Available data Start Marker

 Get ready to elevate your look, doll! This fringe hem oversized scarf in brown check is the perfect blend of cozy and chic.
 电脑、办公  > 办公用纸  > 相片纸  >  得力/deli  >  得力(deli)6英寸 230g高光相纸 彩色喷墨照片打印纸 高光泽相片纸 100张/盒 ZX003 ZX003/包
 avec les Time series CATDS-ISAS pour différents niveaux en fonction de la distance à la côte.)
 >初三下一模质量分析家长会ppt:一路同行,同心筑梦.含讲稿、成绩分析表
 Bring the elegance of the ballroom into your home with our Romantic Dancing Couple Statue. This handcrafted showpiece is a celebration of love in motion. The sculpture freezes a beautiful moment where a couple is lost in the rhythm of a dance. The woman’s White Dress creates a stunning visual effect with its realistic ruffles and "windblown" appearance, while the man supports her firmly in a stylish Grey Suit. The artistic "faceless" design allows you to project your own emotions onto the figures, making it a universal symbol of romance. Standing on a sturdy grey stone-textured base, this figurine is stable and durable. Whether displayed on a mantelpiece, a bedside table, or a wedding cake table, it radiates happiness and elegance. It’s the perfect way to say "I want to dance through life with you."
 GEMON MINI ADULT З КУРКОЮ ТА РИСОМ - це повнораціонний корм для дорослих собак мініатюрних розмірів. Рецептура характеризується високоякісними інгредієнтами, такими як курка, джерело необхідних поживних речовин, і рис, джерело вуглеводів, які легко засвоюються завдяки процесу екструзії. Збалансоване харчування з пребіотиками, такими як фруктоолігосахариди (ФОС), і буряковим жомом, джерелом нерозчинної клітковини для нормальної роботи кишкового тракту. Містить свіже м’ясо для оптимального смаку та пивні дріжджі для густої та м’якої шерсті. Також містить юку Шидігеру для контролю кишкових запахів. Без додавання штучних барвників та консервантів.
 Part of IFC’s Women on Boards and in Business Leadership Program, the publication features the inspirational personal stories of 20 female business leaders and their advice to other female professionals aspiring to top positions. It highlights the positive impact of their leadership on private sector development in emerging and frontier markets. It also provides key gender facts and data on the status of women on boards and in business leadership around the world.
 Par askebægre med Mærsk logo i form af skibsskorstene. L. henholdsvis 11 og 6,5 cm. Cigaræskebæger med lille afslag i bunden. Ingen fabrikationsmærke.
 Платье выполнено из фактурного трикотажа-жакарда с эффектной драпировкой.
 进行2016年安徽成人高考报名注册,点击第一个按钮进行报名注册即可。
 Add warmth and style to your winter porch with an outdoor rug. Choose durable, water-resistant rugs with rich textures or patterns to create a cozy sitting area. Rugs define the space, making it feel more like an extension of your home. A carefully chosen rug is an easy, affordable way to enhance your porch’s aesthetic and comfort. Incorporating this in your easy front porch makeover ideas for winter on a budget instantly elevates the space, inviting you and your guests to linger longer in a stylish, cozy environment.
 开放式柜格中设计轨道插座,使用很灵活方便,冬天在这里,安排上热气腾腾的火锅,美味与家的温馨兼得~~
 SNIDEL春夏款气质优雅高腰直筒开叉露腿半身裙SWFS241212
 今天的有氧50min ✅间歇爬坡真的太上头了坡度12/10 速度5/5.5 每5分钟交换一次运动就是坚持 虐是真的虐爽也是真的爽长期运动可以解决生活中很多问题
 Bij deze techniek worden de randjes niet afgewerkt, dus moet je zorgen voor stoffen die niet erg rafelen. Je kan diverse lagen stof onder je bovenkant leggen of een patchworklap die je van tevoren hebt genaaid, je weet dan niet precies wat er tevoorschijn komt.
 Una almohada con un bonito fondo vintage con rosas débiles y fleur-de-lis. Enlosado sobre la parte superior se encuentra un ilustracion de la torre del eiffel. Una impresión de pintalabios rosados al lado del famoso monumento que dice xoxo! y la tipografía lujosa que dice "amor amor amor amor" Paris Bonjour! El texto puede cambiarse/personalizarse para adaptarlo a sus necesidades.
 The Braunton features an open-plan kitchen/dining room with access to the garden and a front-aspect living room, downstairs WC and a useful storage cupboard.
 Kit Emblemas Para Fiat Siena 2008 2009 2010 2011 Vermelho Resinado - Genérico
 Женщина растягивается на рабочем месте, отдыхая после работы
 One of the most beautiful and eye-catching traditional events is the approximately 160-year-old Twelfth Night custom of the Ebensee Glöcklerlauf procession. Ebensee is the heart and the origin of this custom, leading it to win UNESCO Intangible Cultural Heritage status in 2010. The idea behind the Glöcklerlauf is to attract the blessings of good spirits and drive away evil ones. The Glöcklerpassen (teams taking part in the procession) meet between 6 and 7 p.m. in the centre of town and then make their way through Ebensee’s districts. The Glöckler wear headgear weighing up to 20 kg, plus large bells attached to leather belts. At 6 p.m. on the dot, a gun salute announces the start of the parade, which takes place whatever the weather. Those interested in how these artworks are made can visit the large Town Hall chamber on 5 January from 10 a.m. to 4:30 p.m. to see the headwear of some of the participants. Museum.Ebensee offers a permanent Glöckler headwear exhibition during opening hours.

Available data End Marker

__How to complete this task__.
Return nothing but the lines from the start of the listing above through the line containing "Bring the elegance", exactly as given.

__Reply__.
 Get ready to elevate your look, doll! This fringe hem oversized scarf in brown check is the perfect blend of cozy and chic.
 电脑、办公  > 办公用纸  > 相片纸  >  得力/deli  >  得力(deli)6英寸 230g高光相纸 彩色喷墨照片打印纸 高光泽相片纸 100张/盒 ZX003 ZX003/包
 avec les Time series CATDS-ISAS pour différents niveaux en fonction de la distance à la côte.)
 >初三下一模质量分析家长会ppt:一路同行,同心筑梦.含讲稿、成绩分析表
 Bring the elegance of the ballroom into your home with our Romantic Dancing Couple Statue. This handcrafted showpiece is a celebration of love in motion. The sculpture freezes a beautiful moment where a couple is lost in the rhythm of a dance. The woman’s White Dress creates a stunning visual effect with its realistic ruffles and "windblown" appearance, while the man supports her firmly in a stylish Grey Suit. The artistic "faceless" design allows you to project your own emotions onto the figures, making it a universal symbol of romance. Standing on a sturdy grey stone-textured base, this figurine is stable and durable. Whether displayed on a mantelpiece, a bedside table, or a wedding cake table, it radiates happiness and elegance. It’s the perfect way to say "I want to dance through life with you."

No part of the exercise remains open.